Locus Sound is Nathaniel Berry (vocals/guitar), Matt Pizer (bass), Gary Spector (guitar), Falon Lewis (drums), Sydney Finfer (vocals) and Isabella Bruno (vocals). The young band that all look like they are probably still in high school have some talent that is beyond their years.
Their recent release Cartographer showcases a band with technical prowess and creative intuition. I was impressed time and time again with the varied songwriting and the level at which they were able to deliver.
Throughout Cartographer there are a lot of existential and philosophical undertones. I’ll say the younger (age-wise) a band is the harder it is for them to get away with acting as if they are a band that has answers or even thoughts about deep existential questions. There were a couple of times when the singers seemed a little bit too serious for their own good in their delivery but for the most part they eloquently bypass it. This is mainly in part to the overall vibe of some of the songs and the lyrics, which tend to be creative and poetic rather than relying on tropes.
The band starts with “Ephemera” which has some great moments and others that feel a bit out of place. It starts off very strong and the band finds their best moment at just under a minute in where they sound comparable to Menomena. The chorus has a very dramatic Evanescence tone that didn’t work as well. Additionally the female vocals were exceptional on this song.
“Repeat Offender” starts off with a hypnotic groove that is quite infectious. Berry’s vocals do feel a bit over-dramatic during the verse. I preferred his brighter inflection during the chorus.
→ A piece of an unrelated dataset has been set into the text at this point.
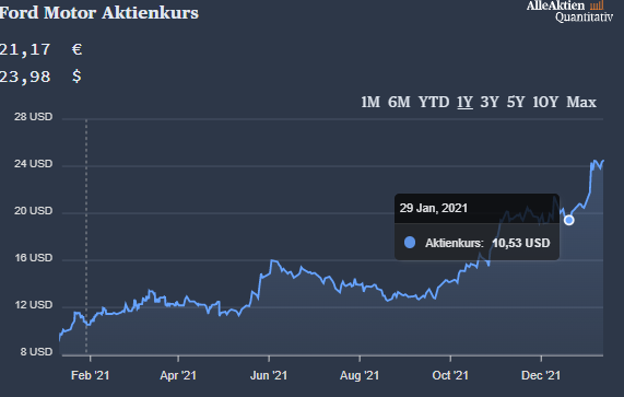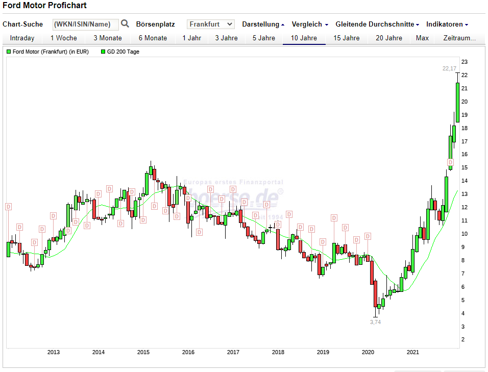 herbert_21 Januar 13, 2022 · bearbeitet Januar 13, 2022 von herbert_21 Ford Motor Ticker F ISIN US3453708600 WKN 502391 Sektor: Zyklischer Konsum Industrie: Automobile Börsenwert 97,31 Mrd. USD Anzahl Aktien 4.025.000.000 Mitarbeiter: 190.000 CEO: Jim Farley Dividende: 10 Cent (entspricht etwa 1,7%) - Artikel von Barron's zur Wiederaufnahme der Dividende 28.10.2021 Website: https://www.ford.com Investor Relations: https://shareholder.ford.com/investors/overview/default.aspx Absatz US 2021: 1.905.955 Stück Absatz weltweit: TBD 1 Jahres Chart Diesen Beitrag teilen Link zum Beitrag

The song has a number of impressive changes and transitions.
“Always Am” is one Berry’s most inspired vocal performances. He is more confident, more dynamic and the levity in his voice sounds good on him. “Always Am” is a good song from beginning to end. Another highlight is “Soft Shadow” which contains good vocal performances while “House of Glass” was an interesting deviation that might have fared better without the samples.
The title track contains some great drumming and vocal harmonies. I loved the off-kilter timing. The vibrant, upbeat track “I've Seen Ghosts” is arguably the highlight on the album. They tap into an energy that felt similar to Arcade Fire.
Cartographer isn’t a fully realized album but displays a boatload of potential for this young band. The band has great chemistry and I thought the dynamic between the vocalists worked while the music itself was often original and unique. If the band stays grounded and continues to improve I could see their sound landing somewhere between The Dirty Projectors and Menomena.